Sherlock shook his head. "Impossible."

John shrugged and reached across Sherlock's stomach for the last butter-soaked slice of toast. He concentrated on chewing until Sherlock nudged him. "Go on."

"With what?"

"What you were saying about Mrs. Hudson and Lestrade."

"Oh, sorry. Mrs. Hudson kept having dreams. She consulted a professional psychic, who told her that he could sense your spirit hovering outside a monastery in Tibet." John twiddled two fingers in front of Sherlock's nose. "Mrs. H took it to mean you were alive. I don't think that's what he meant, but each to their own."

Sherlock smirked. "What did Lestrade consult…his Magic 8 Ball?"

"No. We were drinking and he asked me if I thought you were capable of faking your own death and I had to say that, if anybody was, it was you."

"Well, yes, but what made him ask?"

"He noticed that Molly had on a pink blouse at the funeral."

"And a black skirt, and a black hat with netting. Very proper."

"Exactly! But when he called her a few weeks later…wait a minute, you went to your own funeral!"

"It might be the only chance I'll ever have. I was the bearded old book dealer at the back." The spoon was scraping the bottom of the pot. "Go on, you were saying…why did Lestrade call Molly?"

"To comfort her."

"Comfort Molly?"

"For your information Lestrade is very good at comforting people."

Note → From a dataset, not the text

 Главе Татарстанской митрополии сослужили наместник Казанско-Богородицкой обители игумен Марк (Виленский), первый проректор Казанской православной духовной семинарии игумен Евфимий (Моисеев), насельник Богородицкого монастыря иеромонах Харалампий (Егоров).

The sound of metal scraping glass halted. With an eyebrow rising slowly, Sherlock looked hard at John.

"I don't think I like where this going," he said.

"Women," John said. "He's very good comforting women."

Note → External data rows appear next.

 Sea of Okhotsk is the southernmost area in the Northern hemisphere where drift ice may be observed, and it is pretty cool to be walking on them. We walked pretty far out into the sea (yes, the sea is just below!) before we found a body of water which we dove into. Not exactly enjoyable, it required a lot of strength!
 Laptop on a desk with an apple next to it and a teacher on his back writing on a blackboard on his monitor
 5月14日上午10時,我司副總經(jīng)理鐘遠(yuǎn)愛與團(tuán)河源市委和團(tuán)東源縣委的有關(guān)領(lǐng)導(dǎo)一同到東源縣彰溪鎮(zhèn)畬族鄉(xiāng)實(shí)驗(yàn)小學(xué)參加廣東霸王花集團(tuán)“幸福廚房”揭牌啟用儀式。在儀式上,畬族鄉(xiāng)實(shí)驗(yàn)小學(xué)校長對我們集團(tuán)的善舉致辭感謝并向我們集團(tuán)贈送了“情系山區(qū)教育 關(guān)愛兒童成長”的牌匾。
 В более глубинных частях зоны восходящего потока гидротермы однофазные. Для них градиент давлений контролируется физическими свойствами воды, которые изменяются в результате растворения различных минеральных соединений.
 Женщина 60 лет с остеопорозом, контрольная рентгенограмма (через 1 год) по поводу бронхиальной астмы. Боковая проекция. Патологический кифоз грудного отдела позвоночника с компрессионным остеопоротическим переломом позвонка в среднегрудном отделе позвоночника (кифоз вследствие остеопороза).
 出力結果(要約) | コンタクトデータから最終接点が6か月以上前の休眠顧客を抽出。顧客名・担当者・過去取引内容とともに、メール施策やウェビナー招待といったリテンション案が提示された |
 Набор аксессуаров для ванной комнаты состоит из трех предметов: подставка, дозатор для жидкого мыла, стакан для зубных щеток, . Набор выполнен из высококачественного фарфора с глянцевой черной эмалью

"I'm sure." There was still a suspicious squint in Sherlock's eyes. "I'm still waiting for the big revelation."

"When he asked her out to dinner, she wore a green dress."

Sherlock transferred his squint to the old mezzotint of Chinese Gordon that was hanging on the wall over the fireplace. The paper was badly foxed, but John had never bothered taking it down. There was more spoon-sucking. Finally he said, "That makes no sense, whatsoever."

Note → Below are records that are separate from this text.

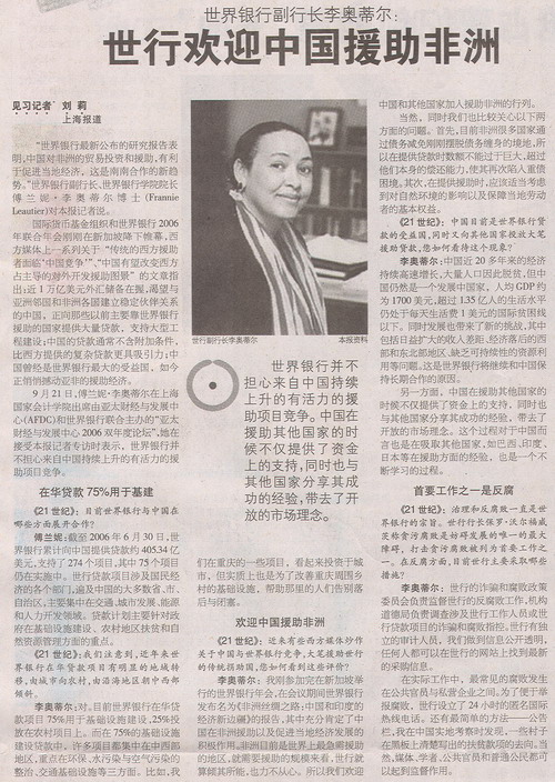 “世界银行最新公布的研究报告表明,中国对非洲的贸易投资和援助,有利于促进当地经济,这是南南合作的新趋势。”世界银行副行长、世界银行学院院长傅兰妮·李奥蒂尔博士(Frannie Leautier)对本报记者说。
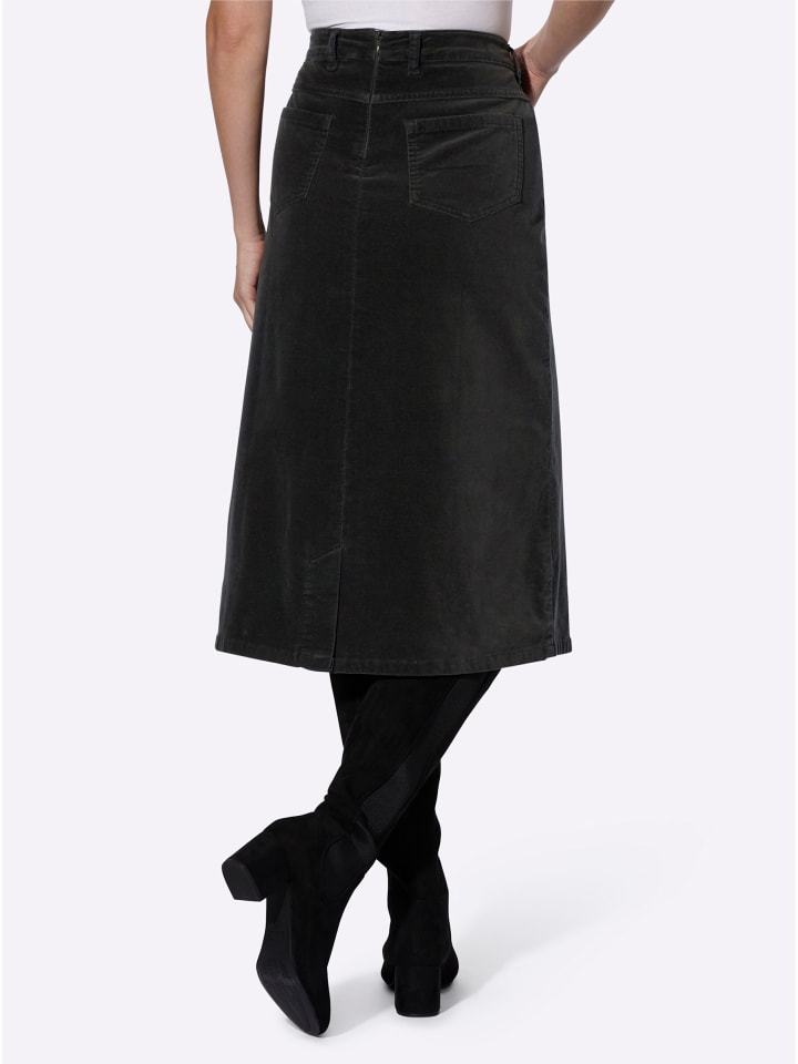 Юбка из тонко мерцающего высококачественного бархата, окрашенного в пряже, с классическим 5-карманным кроем. Слегка расклешенный силуэт, фигурный пояс со шлевками для ремня и декоративная планка с пуговицами. Потайная молния и предохранительная пуговица сзади, приталенная кокетка и потайная шлица сзади. Сертифицировано OCS.
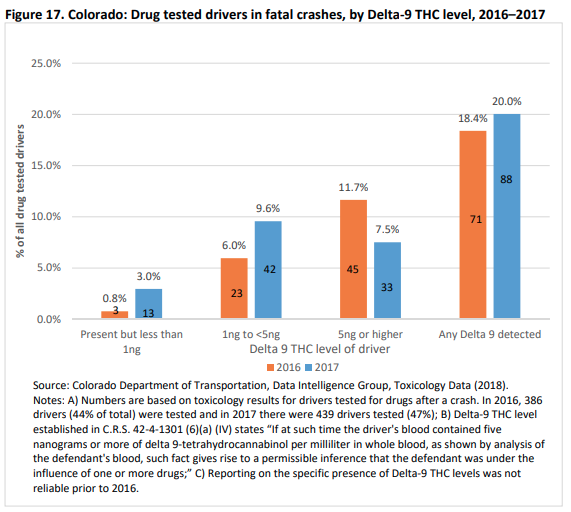 While drivers with THC in their blood undoubtedly increased after legalization, the cannabinoid can stay in a person’s system weeks after consumption, and the Colorado Department of Transportation didn’t start collecting data on active THC in drivers’ blood until 2016. According to the impact report, the number of drivers with active THC in their blood rose slightly from 2016 to 2017, but those with 5 nanograms (the legal limit for driving in Colorado) or more in their blood decreased by more than 4 percent in the same time span.
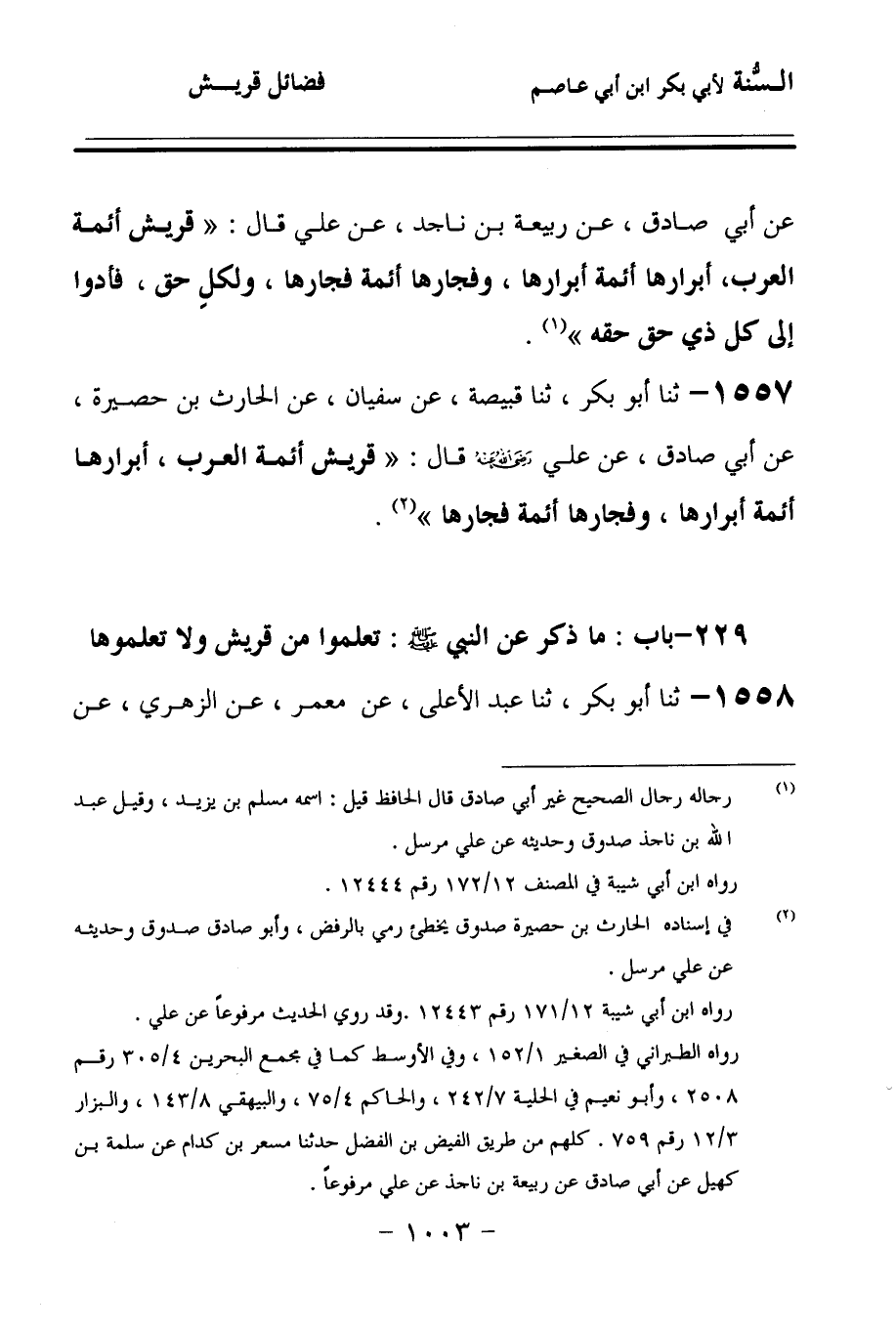 1557 - حَدَّثنا أَبُو بَكْرٍ، حَدَّثنا قَبِيصَةُ، عَنْ سُفْيَانَ، عَنِ الْحَارِثِ بْنِ حَصِيرَةَ، عَنْ أَبِي صَادِقٍ، عَنْ عَلِيٍّ رَضِيَ اللهُ عَنْهُ، قَالَ: قُرَيْشٌ أَئِمَّةُ الْعَرَبِ: أَبْرَارُهَا أَئِمَّةُ أَبْرَارِهَا، وَ فُجَّارُهَا أَئِمَّةُ فُجَّارِهَا.

"Really? You wouldn't find it the least bit odd that a highly romantic female pathologist, who has just performed an autopsy on a man with whom she has been hopelessly in love for years, doesn'teven appear to be mourning him?"

A look of perfect disgust came over Sherlock's face. "Because Molly Hooper wore a green dress?"

"It's not a color that screams heartbreak," John pointed out. "Lestrade said that he'd almost have thought you hadn't died."

Sherlock drew his head back, like a turtle retreating to its shell.

"Neither you, nor Mycroft, saw that coming did you? Don't worry; he didn't follow up on it, and I'm only saying it because no one listens to old ladies who get their cards read, but even you have to admit that Lestrade's actually good at his job, and if he'd wanted to make a fuss…"

"Oh, for…No! I do not! That's soppy!"

"Admit it!"

"I'll do nothing of the kind!"

"Then kiss me," John said.

Sherlock put the spoon and jar down and, for once, he didn't argue, or quibble.

It was amazing where crumbs and honey had gotten to.

Laying sleepily in the tangle of sheets and legs afterwards, John whispered, "Thank you."

"For what?"

"For not being dead."

"Is there any more of that honey?" Sherlock said.